4 de feveriero de 2011

A cidade anoitece. Vislumbram-se pequenos focos de luz que, sabe, são luzes que aquecem e iluminam centenas de lares onde habitam tantas pessoas que nem consegue imaginar quantas. Conheceu a sorte de habitar no cima da colina onde se consegue regalar com uma vista citadina, e invejável. Admira a sua casa por se situar na cidade, perto de tudo, e, ao mesmo tempo, ser, também, um refúgio onde os sons da cidade não chegam num tom indecifrável. Haviam escolhido este local pela sua calmaria indiscutível e consideravam-no o seu paraíso, passasse o tempo que passasse, independentemente do estado climatérico. 
Gostava de preparar uma recepção romântica sempre que chegava a casa antes d'ele, e hoje era um desses dias. Enquanto preparava um dos pratos preferidos do seu homem para o jantar, decidiu pôr a mesa junto à lareira, iluminando a sala sem qualquer ajuda eléctrica. Adorava as refeições naquela mesa de madeira, pequena, baixa e o tapete macio a suavizar o chão. Esta sensação era uma das mais acolhedoras de que tinha memória. Isto era sentir-se em casa e bastava, apenas, que ele chegasse para que se sentisse completa, e em casa.
Sentiu-o entrar em casa, não pelo barulho do carro a regressar à garagem, nem pelo ruído habitual das chaves, da fechadura a rodar, ou da porta a abrir e a fechar, mas sentiu-o, sim, pelo cheiro. Era aquele aroma que anunciava a sua chegada. Há anos que elogiava o seu cheiro e sabia que nunca o encontraria concentrado num pequeno frasco de uma perfumaria. Era o cheiro do amor, do seu amor e, por isso, tão delicioso e único. Mais do que o perfume caro e os produtos para o cabelo era o cheiro natural que emanava que ela tanto gostava de inalar. Era sinónimo de segurança e, logicamente, de proximidade física-
Hoje, queria-o como o queria desde o primeiro momento. Correi para ele, ainda à porta de casa, e sorriu enquanto se preparava para o beijar. Todos os beijos tinham em si o fogo e o amor que sempre conheceram e nunca perderam o calor, nem com a fugacidade do tempo.

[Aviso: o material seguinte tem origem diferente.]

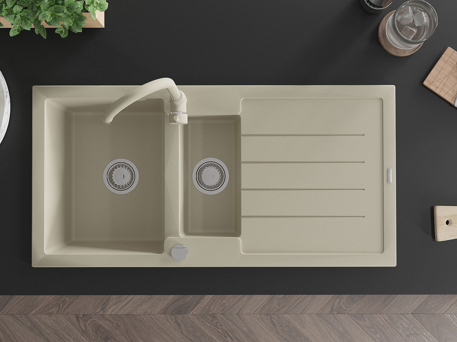 Mexen Andres zlewozmywak granitowy 1,5-komorowy z ociekaczem i baterią kuchenną Telma, beżowy - 6515-69-670200-69
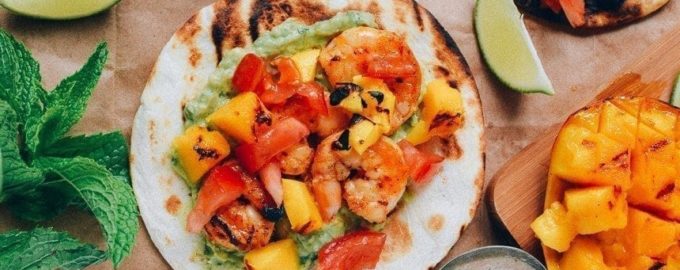 Креветки, поджаренные на гриле, потрясающе сочетаются с соусом гуакамоле. В этом рецепте мы приготовим мятную версию соуса, а кроме креветок обжарим манго

Havia malícia nas curvas e contra-curvas das suas línguas. 
Não se recordava de alguma vez não o ter desejado.

6 de abril de 2012

silêncio para 4

"- Vais ter saudades minhas?
- Vou, se te fores embora vou ter muitas saudades tuas.
- Das minhas festas, dos meus beijos...
- Sim, de tudo, dos teus orgasmos, das tuas vontades de comer, do teu entusiasmo, da intuição de praticar amor."

1 de abril de 2012

Deitados na cama, eu aninhada em ti, beijada por ti, acariciada por ti, amada por ti, coisa boa de se viver. Sorrisos fáceis, bocas entreabertas de desejo, cheiro a amor a pairar no ar saturado: aquecido, morno, quente

Eu aninhada em ti. O teu corpo o meu abrigo, a minha fortaleza.

29 de março de 2012

"Não se escreve pra se obter sucesso, por mais que se tenha ou seja reconhecido pelo trabalho, escrever é uma maneira de colocar pra fora o que não cabe mais dentro de nós. Escrever é dividir com o outro o que sentimos ou o que imaginamos sentir quando não há mais espaço ou, no mínimo, até há, mas já basta que estejamos perigosamente entupidos por nossas próprias emoções, transbordando. Ainda que elas sejam boas e extremamente deliciosas de se sentir. Como o amor, por exemplo. Escrever é uma maneira de compartilhar loucuras. Loucuras que começam dentro, passam por milhares de fiozinhos, as vezes despertadas por músicas, abraços, beijos ou qualquer tipo de afeto, ou até mesmo uma paisagem. E que são conduzidas até nossas mãos, que desesperadas pelo despertar de nossos pensamentos, escrevem como meio de alívio, prazer."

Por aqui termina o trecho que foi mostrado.